The first of the Budget tax and spend polls have been released, but it is hard to get a clear reading on whether the long-term trend towards support for more taxing and spending is easing or reversing.

In a Newspoll published in The Australian, the public is almost equally divided between saying scheduled tax cuts should go ahead (44%) or cancelled to reduce the deficit (47%). The 44% saying go ahead is slightly below the 49% who nearly 12 months ago wanted last year’s tax cuts to go ahead, but the trade-off posed has changed completely: last year the stated risk was higher inflation and interest rates (it seems so long ago…), this year the risk is making the budget deficit even larger. In both cases, however, just under half wanted tax cuts despite a risk of negative consequences later on.

As reported at Pollytics blog, the Essential Report survey found that, when given a choice between reducing the deficit and increasing taxes on high income earners and decreasing spending, 49% went for higher taxes and 42% for less spending.

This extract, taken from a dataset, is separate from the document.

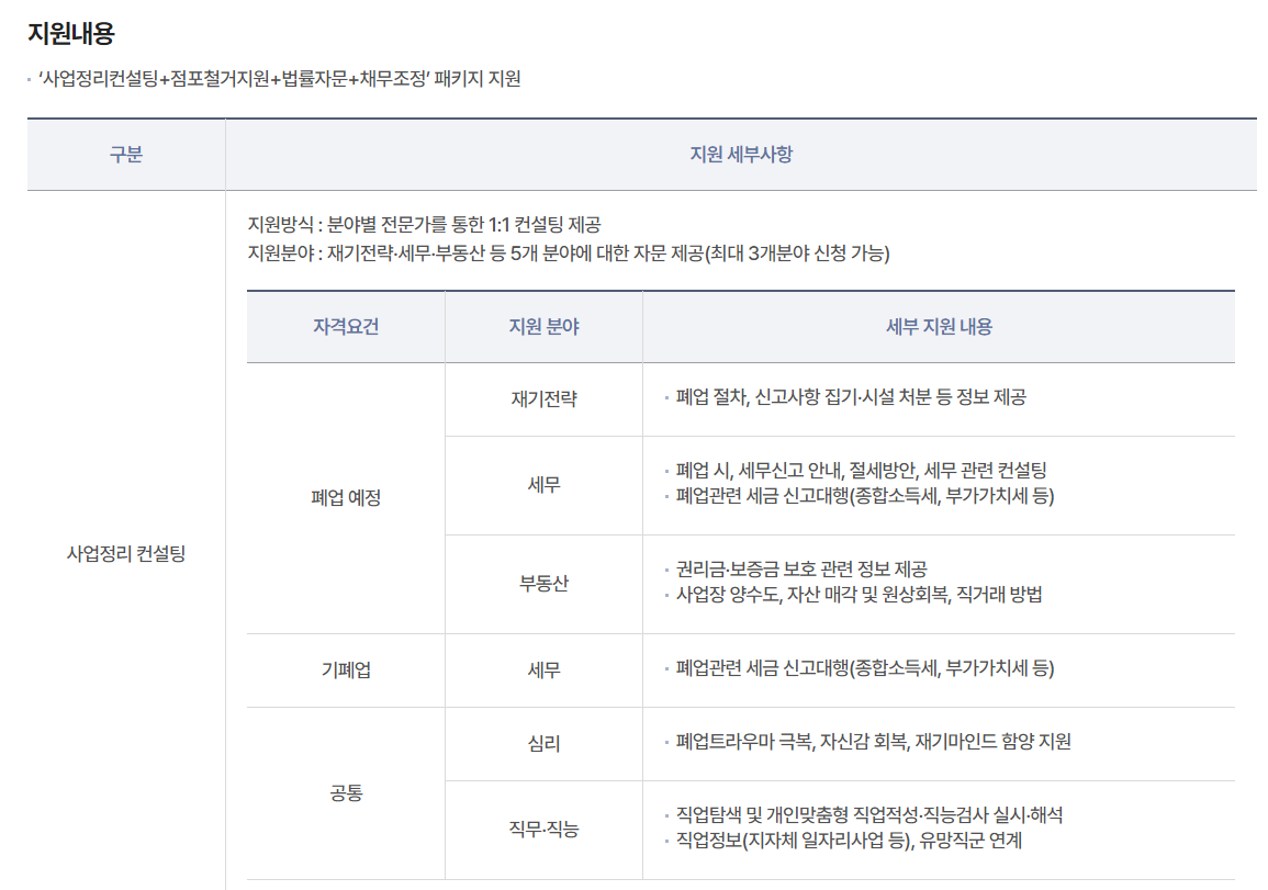 | 사업 정리 비용 지원 | 최대 200만 원 | 계좌 입금 |
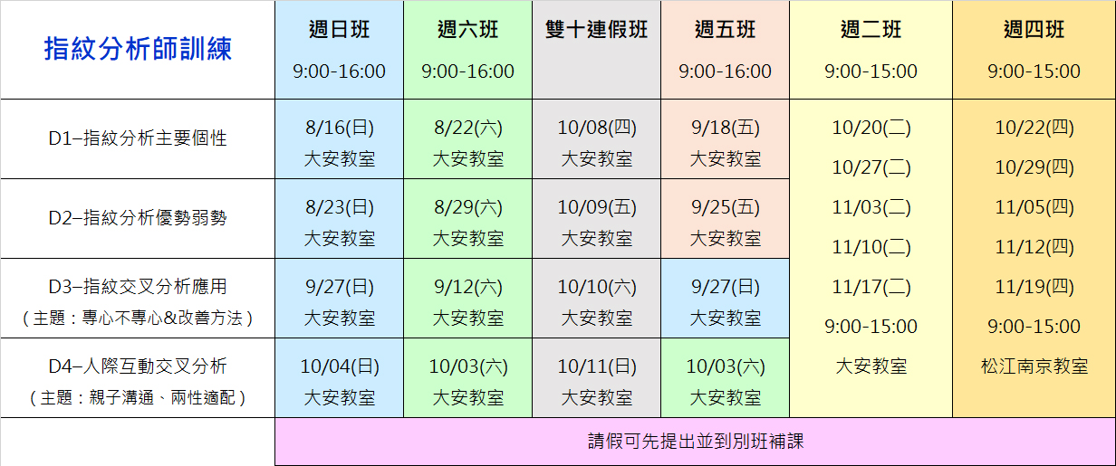 週日班 2020年8/16、8/23、9/27、10/04, 週日09:00-16:00.

If we assume that higher taxes and cancelling tax cuts are much the same thing, it seems like pro-tax views are still favoured by more people than the lower-tax perspective. However, the role of deficits in structuring opinion makes it hard to see where the underlying trend is going; it is possible that the deficit may induce support for tax that would not be there in better fiscal circumstances, just at it was possible that the previous large surpluses induced support for more spending that would not have been there if higher taxes were needed to pay for it.